Since different search engines may interpret robots.txt syntax differently, some clauses can be omitted. For example, if you enter several “User-agent” directives without an empty line break, all “User-agent” directives will be accepted correctly by Yandex, since Yandex selects records based on their presence in the “User-agent” line.

The robots should strictly indicate only what is needed and nothing superfluous. Don't think how to write everything in robots txt, what is possible and how to fill it. Ideal robots txt is the one with fewer lines but more meaning. "Brevity is the soul of wit". This expression comes in handy here.

How to check robots.txt

In order to check robots.txt To check the correctness of the syntax and structure of the file, you can use one of the online services.

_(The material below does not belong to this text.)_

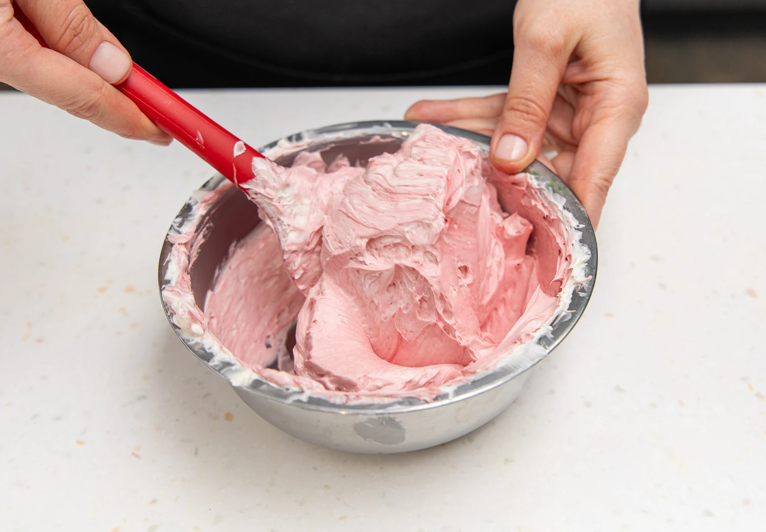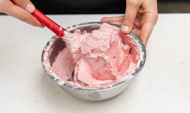 Примерно ⅔ от общего количества крема покрасьте в розовый цвет.

For example, Yandex and Google offer their own services for webmasters, which include robots.txt analysis:

Checking the robots.txt file in Yandex.Webmaster: http://webmaster.yandex.ru/robots.xml

In order to check robots.txt online necessary upload robots.txt to the site in the root directory. Otherwise, the service may report that failed to load robots.txt. It is recommended to first check robots.txt for availability at the address where the file is located, for example: your_site.ru/robots.txt.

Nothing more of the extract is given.